* _Directions for this task_: From the entries below, reproduce exactly the lines from the one with "This sea horse" through the one with "Собака огромная, похож", both included, without images.
─── Records ───
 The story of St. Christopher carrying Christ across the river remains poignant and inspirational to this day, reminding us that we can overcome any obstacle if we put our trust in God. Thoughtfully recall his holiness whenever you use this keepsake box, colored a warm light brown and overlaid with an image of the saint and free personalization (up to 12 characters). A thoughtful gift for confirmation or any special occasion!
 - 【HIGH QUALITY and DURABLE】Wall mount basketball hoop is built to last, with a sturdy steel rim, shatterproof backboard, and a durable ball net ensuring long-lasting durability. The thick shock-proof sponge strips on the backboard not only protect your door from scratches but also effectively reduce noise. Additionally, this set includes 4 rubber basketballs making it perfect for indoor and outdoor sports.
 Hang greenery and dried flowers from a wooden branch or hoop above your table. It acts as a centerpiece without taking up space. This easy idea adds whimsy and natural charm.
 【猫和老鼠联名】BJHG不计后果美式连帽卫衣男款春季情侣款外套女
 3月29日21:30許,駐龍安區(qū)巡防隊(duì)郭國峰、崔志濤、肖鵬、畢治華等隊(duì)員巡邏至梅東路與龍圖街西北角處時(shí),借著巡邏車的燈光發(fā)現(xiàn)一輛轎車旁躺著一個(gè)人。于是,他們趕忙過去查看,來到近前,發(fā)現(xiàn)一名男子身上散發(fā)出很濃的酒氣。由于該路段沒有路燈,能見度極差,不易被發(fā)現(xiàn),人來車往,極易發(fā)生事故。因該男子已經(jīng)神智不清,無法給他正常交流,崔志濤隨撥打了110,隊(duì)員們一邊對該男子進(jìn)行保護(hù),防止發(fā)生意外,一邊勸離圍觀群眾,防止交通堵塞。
───
─── Records ───
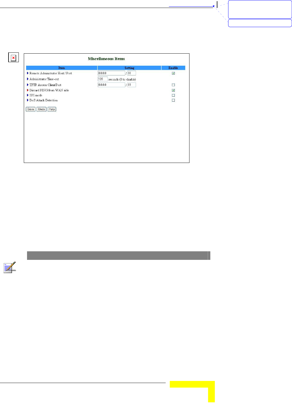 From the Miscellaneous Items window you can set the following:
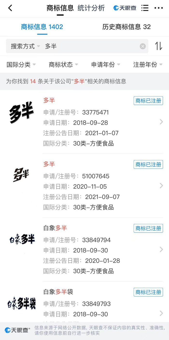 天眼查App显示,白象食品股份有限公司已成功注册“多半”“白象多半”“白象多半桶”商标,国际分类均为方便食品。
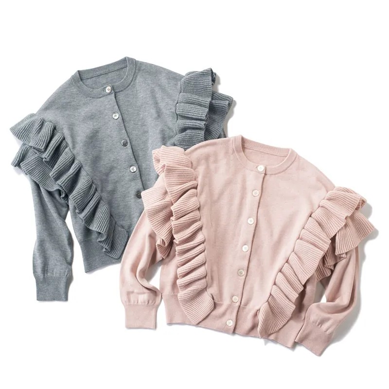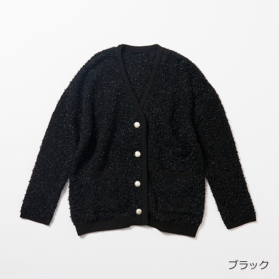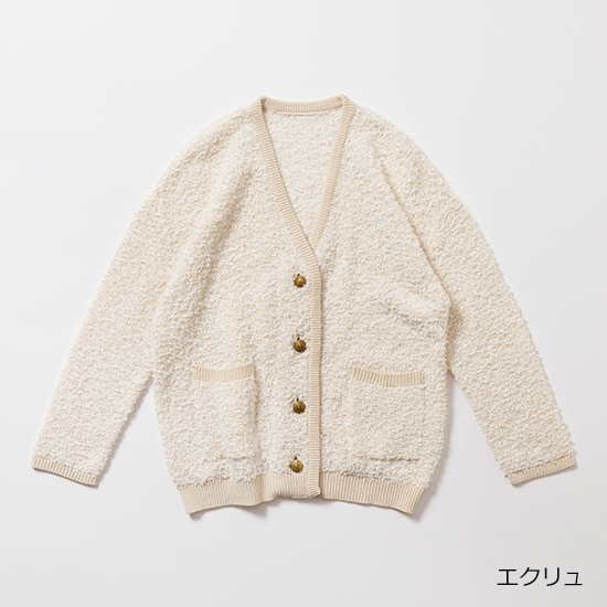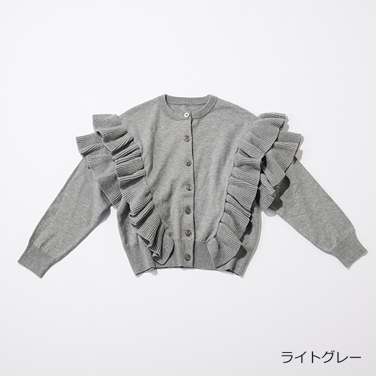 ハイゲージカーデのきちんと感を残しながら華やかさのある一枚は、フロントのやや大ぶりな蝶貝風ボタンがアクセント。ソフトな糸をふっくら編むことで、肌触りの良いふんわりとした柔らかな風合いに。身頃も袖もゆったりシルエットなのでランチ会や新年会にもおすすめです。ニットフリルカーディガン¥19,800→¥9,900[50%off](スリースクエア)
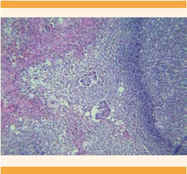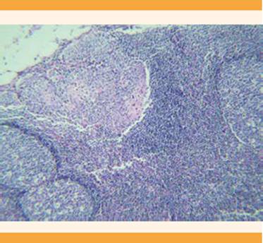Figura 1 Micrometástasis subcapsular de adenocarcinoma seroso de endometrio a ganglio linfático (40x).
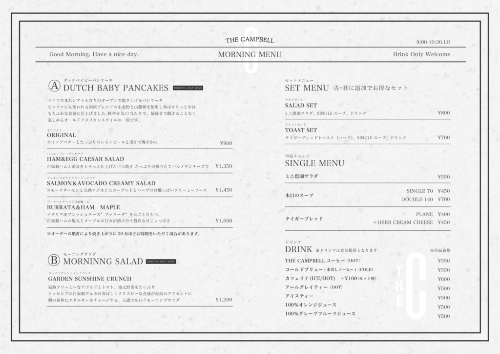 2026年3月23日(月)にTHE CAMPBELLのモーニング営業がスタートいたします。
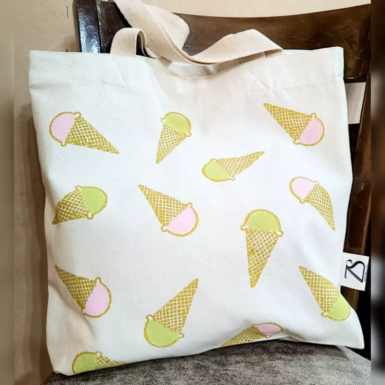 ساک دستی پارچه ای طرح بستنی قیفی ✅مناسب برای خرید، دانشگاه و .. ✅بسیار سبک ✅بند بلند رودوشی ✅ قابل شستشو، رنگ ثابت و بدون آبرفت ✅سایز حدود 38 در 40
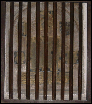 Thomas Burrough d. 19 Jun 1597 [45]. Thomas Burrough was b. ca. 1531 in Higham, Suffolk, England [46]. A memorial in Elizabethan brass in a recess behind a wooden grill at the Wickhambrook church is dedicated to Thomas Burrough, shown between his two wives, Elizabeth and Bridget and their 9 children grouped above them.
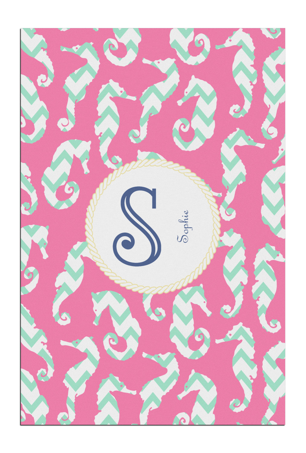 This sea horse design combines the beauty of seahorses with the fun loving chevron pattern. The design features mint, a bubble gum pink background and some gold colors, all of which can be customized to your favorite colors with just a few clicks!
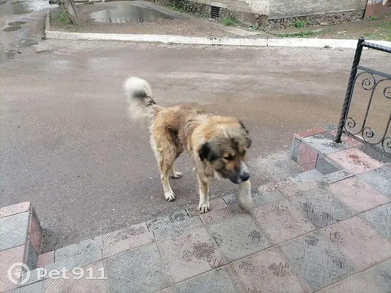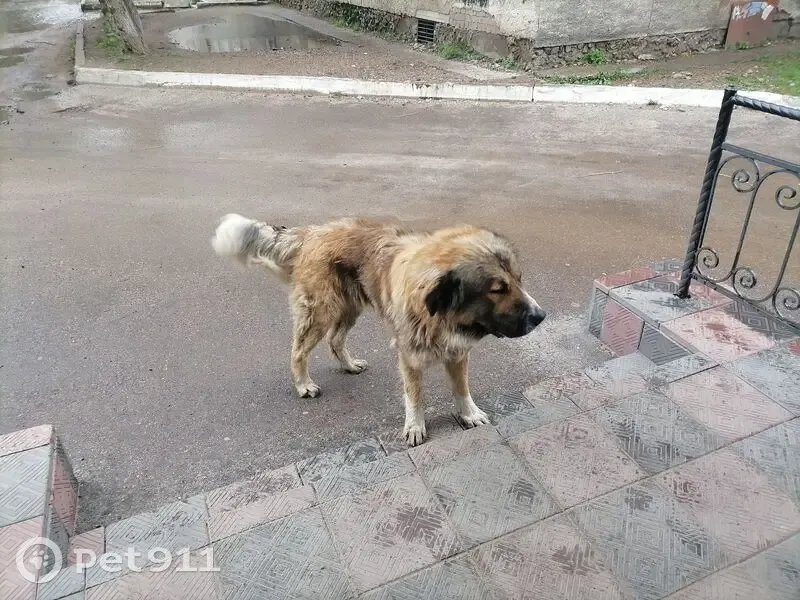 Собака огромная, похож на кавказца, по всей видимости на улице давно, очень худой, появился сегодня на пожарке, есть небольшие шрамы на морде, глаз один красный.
───
* _Exercise response_:
 This sea horse design combines the beauty of seahorses with the fun loving chevron pattern. The design features mint, a bubble gum pink background and some gold colors, all of which can be customized to your favorite colors with just a few clicks!
 Собака огромная, похож на кавказца, по всей видимости на улице давно, очень худой, появился сегодня на пожарке, есть небольшие шрамы на морде, глаз один красный.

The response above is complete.